Web archiving is the process of collecting portions of the Web to ensure that the information is preserved for future exploitation. However, despite the increasing number of web archives worldwide, the absence of efficient and meaningful exploration methods still remains a major hurdle in the way of turning them into a usable and useful information source. In this paper, we focus on this problem and propose an RDF/S model and a distributed framework for building semantic profiles (“layers”) that describe semantic information about the contents of web archives. A semantic layer allows describing metadata information about the archived documents, annotating them with useful semantic information (like entities, concepts, and events), and publishing all these data on the Web as Linked Data. Such structured repositories offer advanced query and integration capabilities, and make web archives directly exploitable by other systems and tools. To demonstrate their query capabilities, we build and query semantic layers for three different types of web archives.
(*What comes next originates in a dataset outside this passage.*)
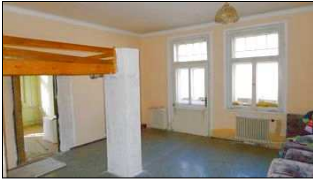
2. NP - pokoj
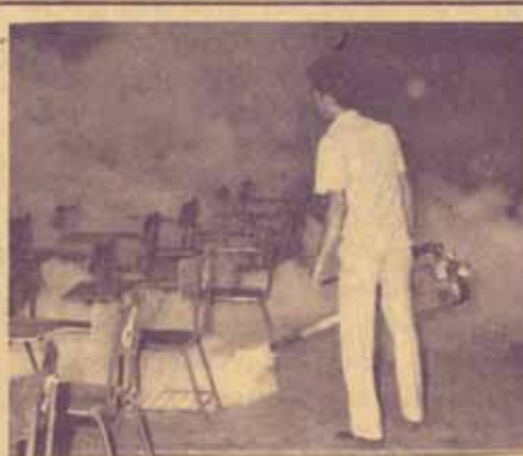
กำลังจัดของ กองอาคารสถานที่ ดำเนินการกำจัดของภายใน ม.ร. ด้วยภาพคนคว้นหมอกในอาคารเขียนและห้องสอบทุกอาคาร รวมทั้งทยอยย้ายลูกเก้าอี้ในสภาน้ำทุกแห่งภายในมหาวิทยาลัย เพื่อป้องกันการเพาะยุงแต่เบื้องต้น เมื่อวันที่ 15 มกราคม ที่ผ่านม

An experimental evaluation showed that a semantic layer can answer information needs that existing keyword-based systems are not able to sufficiently satisfy.

[1]  Avishek Anand,et al.  Tempas: Temporal Archive Search Based on Tags , 2016, WWW.

[2]  Sean Bechhofer,et al.  OWL: Web Ontology Language , 2009, Encyclopedia of Database Systems.

[3]  György Fazekas,et al.  Realising a Layered Digital Library: Exploration and Analysis of the Live Music Archive through Linked Data , 2017, 2017 ACM/IEEE Joint Conference on Digital Libraries (JCDL).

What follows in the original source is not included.